*LISTED ENTRIES*.
┌──

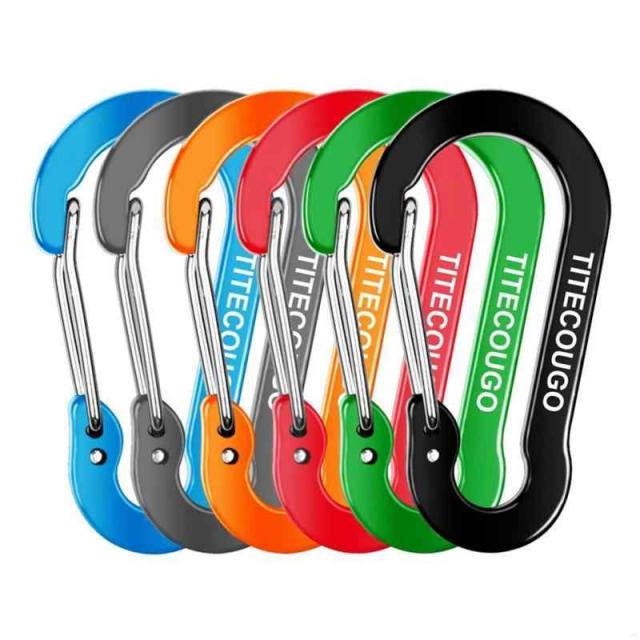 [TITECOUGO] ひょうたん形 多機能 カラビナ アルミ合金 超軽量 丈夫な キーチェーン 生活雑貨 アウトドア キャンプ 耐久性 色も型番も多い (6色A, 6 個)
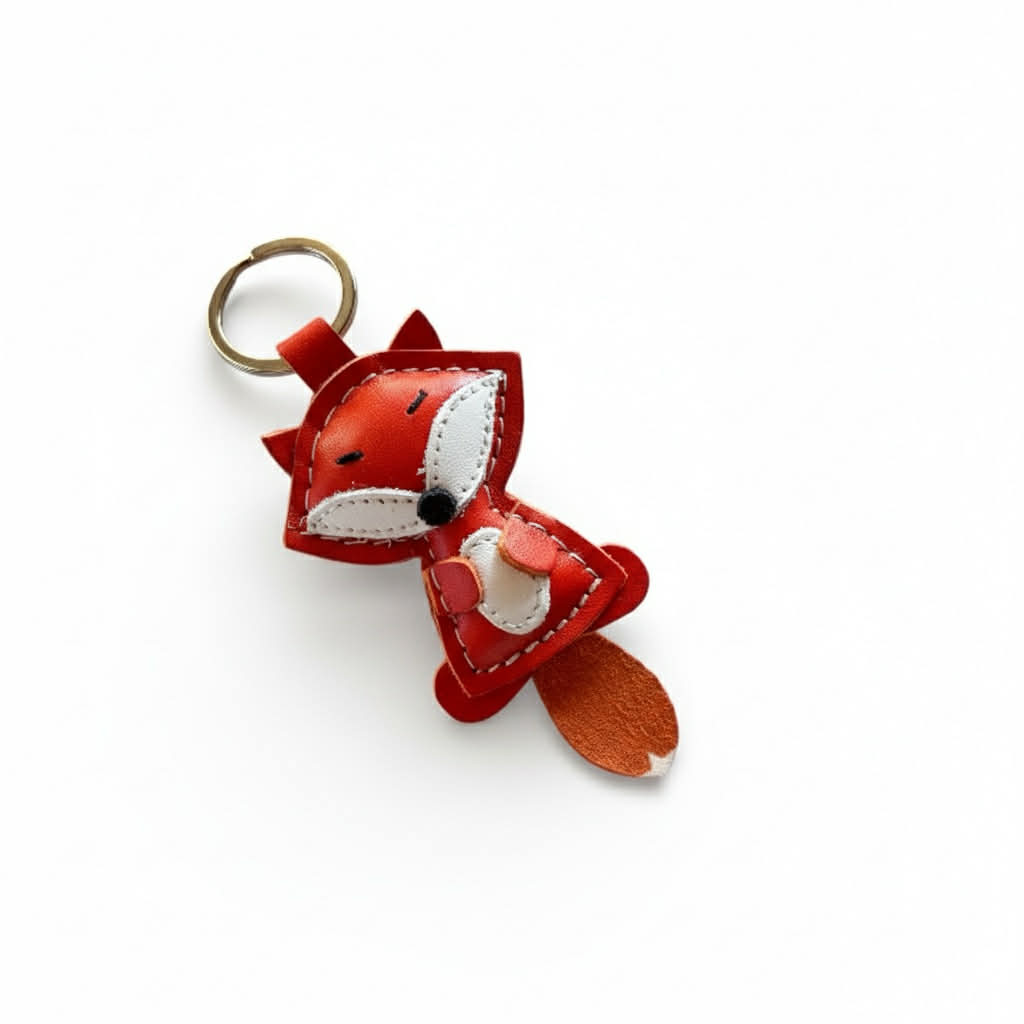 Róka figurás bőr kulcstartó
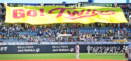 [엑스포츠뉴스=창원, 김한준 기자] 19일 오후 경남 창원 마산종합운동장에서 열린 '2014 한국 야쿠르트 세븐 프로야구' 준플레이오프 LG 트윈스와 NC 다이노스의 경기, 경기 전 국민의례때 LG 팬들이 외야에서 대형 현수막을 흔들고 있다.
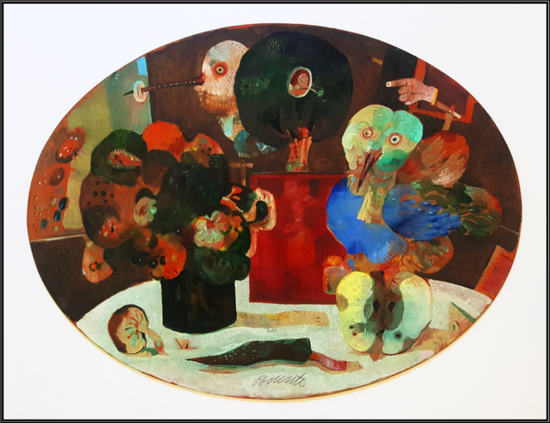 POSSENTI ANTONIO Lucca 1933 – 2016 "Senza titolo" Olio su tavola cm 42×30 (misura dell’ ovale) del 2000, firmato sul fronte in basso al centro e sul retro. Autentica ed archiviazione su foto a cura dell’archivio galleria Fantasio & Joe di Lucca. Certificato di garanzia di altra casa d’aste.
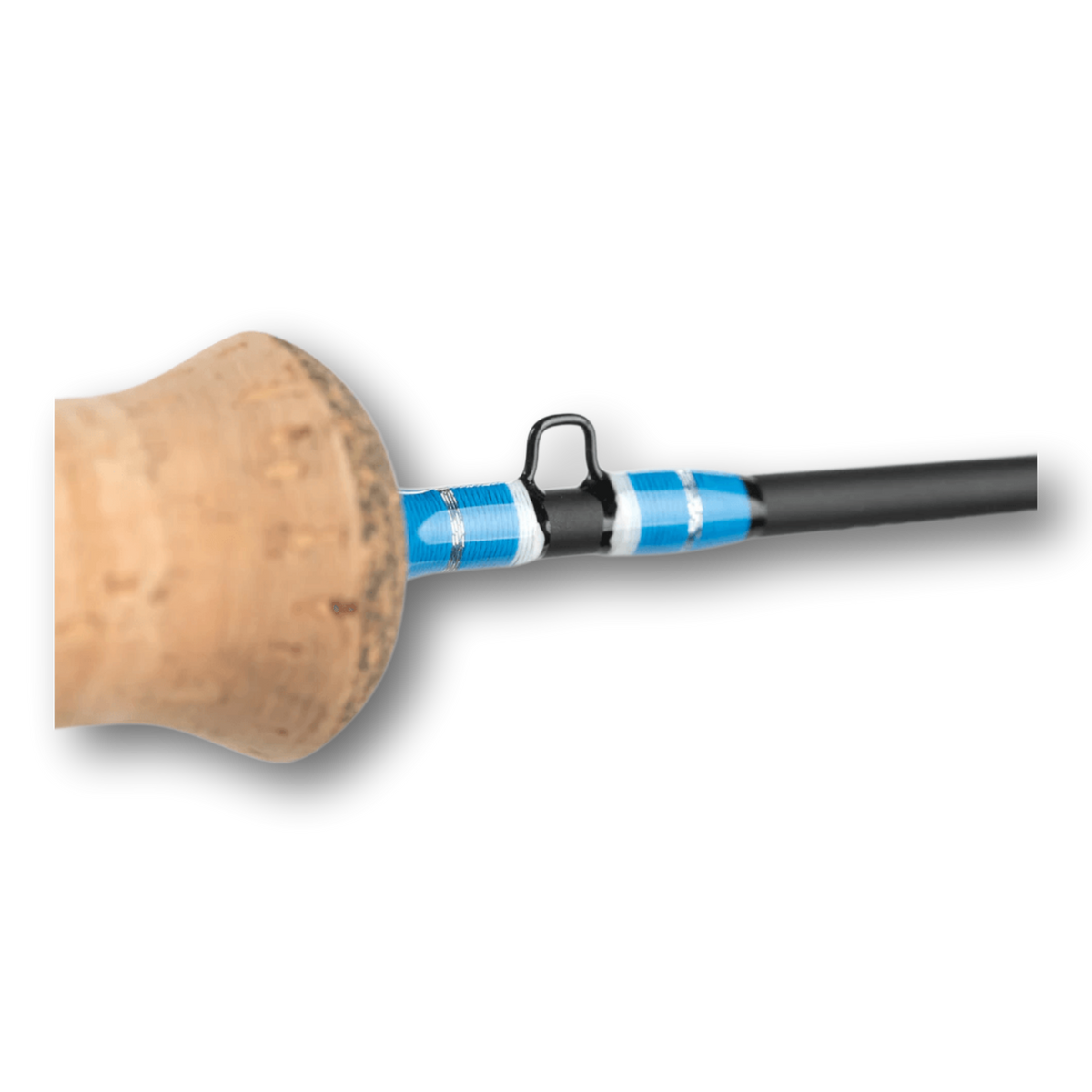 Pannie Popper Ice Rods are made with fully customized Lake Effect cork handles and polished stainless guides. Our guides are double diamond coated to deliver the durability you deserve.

└──
┌──

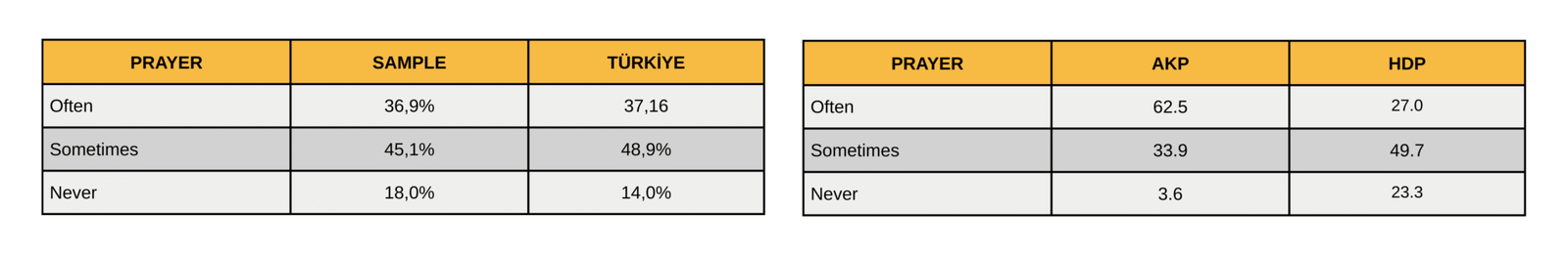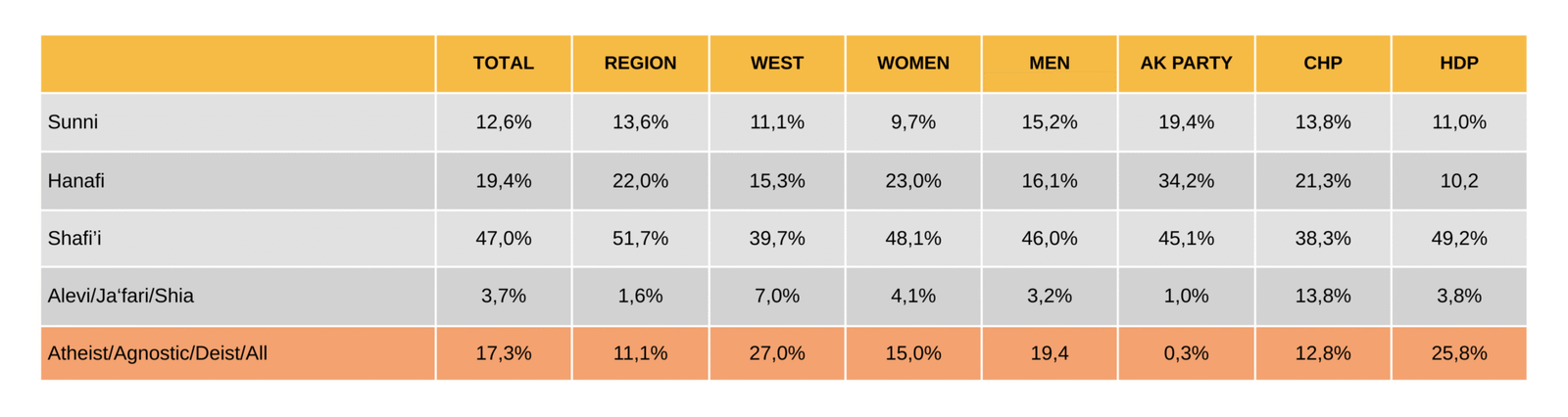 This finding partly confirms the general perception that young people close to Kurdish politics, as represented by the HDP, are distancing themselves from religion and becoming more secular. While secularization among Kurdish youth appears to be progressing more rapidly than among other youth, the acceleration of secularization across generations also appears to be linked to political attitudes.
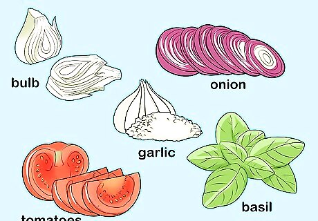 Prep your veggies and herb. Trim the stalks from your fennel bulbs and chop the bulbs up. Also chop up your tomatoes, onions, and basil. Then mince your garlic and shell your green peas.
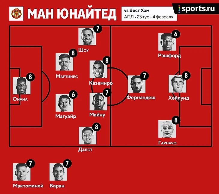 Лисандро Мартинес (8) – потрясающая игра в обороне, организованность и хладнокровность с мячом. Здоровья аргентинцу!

└──

*WHAT THE TASK REQUIRES*. What belongs in the answer is each line above from the line with "This finding partly" to the line with "Лисандро Мартинес (8)", inclusive, reproduced exactly and free of pictures.

*ANSWER TO THIS PROBLEM*.
 This finding partly confirms the general perception that young people close to Kurdish politics, as represented by the HDP, are distancing themselves from religion and becoming more secular. While secularization among Kurdish youth appears to be progressing more rapidly than among other youth, the acceleration of secularization across generations also appears to be linked to political attitudes.
 Prep your veggies and herb. Trim the stalks from your fennel bulbs and chop the bulbs up. Also chop up your tomatoes, onions, and basil. Then mince your garlic and shell your green peas.
 Лисандро Мартинес (8) – потрясающая игра в обороне, организованность и хладнокровность с мячом. Здоровья аргентинцу!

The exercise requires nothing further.